In 2022, during Martin's tenure, JLGB was one of 20 organisations nationally to receive the special Queen Elizabeth II Platinum Jubilee Volunteering Award, a one-off addition to the Queen's Award for Voluntary Service recognising charities that empower young people across the UK. A reception for the awardees, attended by HRH The Princess Royal, highlighted the exceptional work of national charities supporting young people aged 16–25.

===COVID-19 response===
During the COVID-19 pandemic, Martin created JLGB Virtual, a daily digital youth platform launched in March 2020 to provide continuity of youth engagement during the national lockdown. The programme ran for nearly two years and was delivered entirely online via live broadcasts and interactive sessions.

Each evening, young people hosted activities and interviewed a guest drawn from public life, entertainment, politics and the community sector. Guests included Ashley James, Wes Streeting, Lord Robert Winston, Ben Winston, Craig David, Rachel Riley, Brent Spiner, Bob Saget, Alan Menken, Jamie Lee Curtis and Christopher Guest, whose great-grandfather, Colonel Albert E. W. Goldsmid MVO, founded the Jewish Lads' Brigade in 1895.

Across its run, JLGB Virtual featured more than 150 guests and attracted an audience reported to exceed three million views.

===Yom HaShoah UK===
Since 2011, Martin has been Chair of Yom HaShoah UK, the umbrella body coordinating Holocaust remembrance across the United Kingdom for the UK Jewish community. He has overseen large-scale national commemorations, including civic ceremonies and digital remembrance initiatives during the COVID-19 pandemic.

In May 2016, Martin organised the national Yom HaShoah commemorative event at Barnet Copthall Stadium, which was attended by several thousand members of the Jewish community, including more than 150 Holocaust survivors. The gathering, reported to be the largest ever UK Holocaust remembrance event at that time with around 5,000 attendees, was chosen by the newly elected Mayor of London, Sadiq Khan, as his first public engagement in office.

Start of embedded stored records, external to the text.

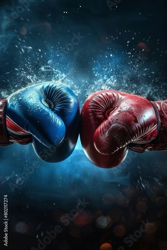 Prominent boxing gloves face off in wide poster with bold vs letters for intense versus battle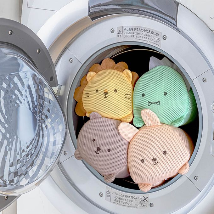 使用過的衣物可愛地收納隱藏,帶回家後直接放入洗衣機當洗衣袋使用。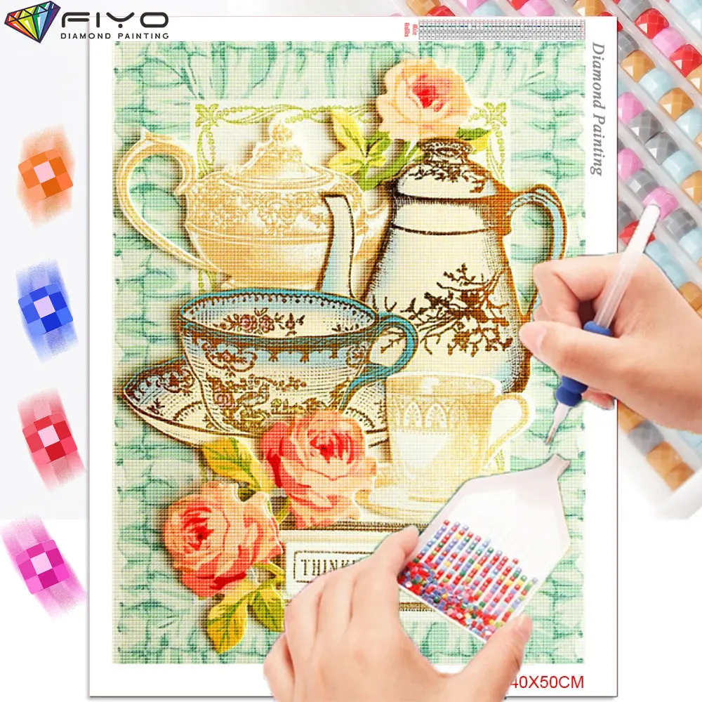 Huacan 5d DIY Алмазная вышивка кофейная чашка, алмазная живопись по...

In April 2025, he produced the UK’s national 80th anniversary commemoration of the liberation of Bergen-Belsen by the British Armed Forces, held in Victoria Tower Gardens, London, adjacent to Parliament.

===Interfaith and civic roles===
Martin is Chair of the Interfaith Youth Trust, which provides grant funding to grassroots interfaith youth projects across the United Kingdom. He is also a trustee of the Youth United Foundation and formerly was a trustee of the National Council for Voluntary Youth Services (NCVYS).

==Honours==

 Commander of the Order of the British Empire (2026)

 Officer of the Order of the British Empire (2016)

==Personal interests==
Martin has spoken publicly about the influence of popular culture on his leadership outlook, including the work of Jim Henson and franchises such as The Muppets and Transformers: Generation 1, which he has cited as formative in shaping ideas of leadership, resilience and imagination.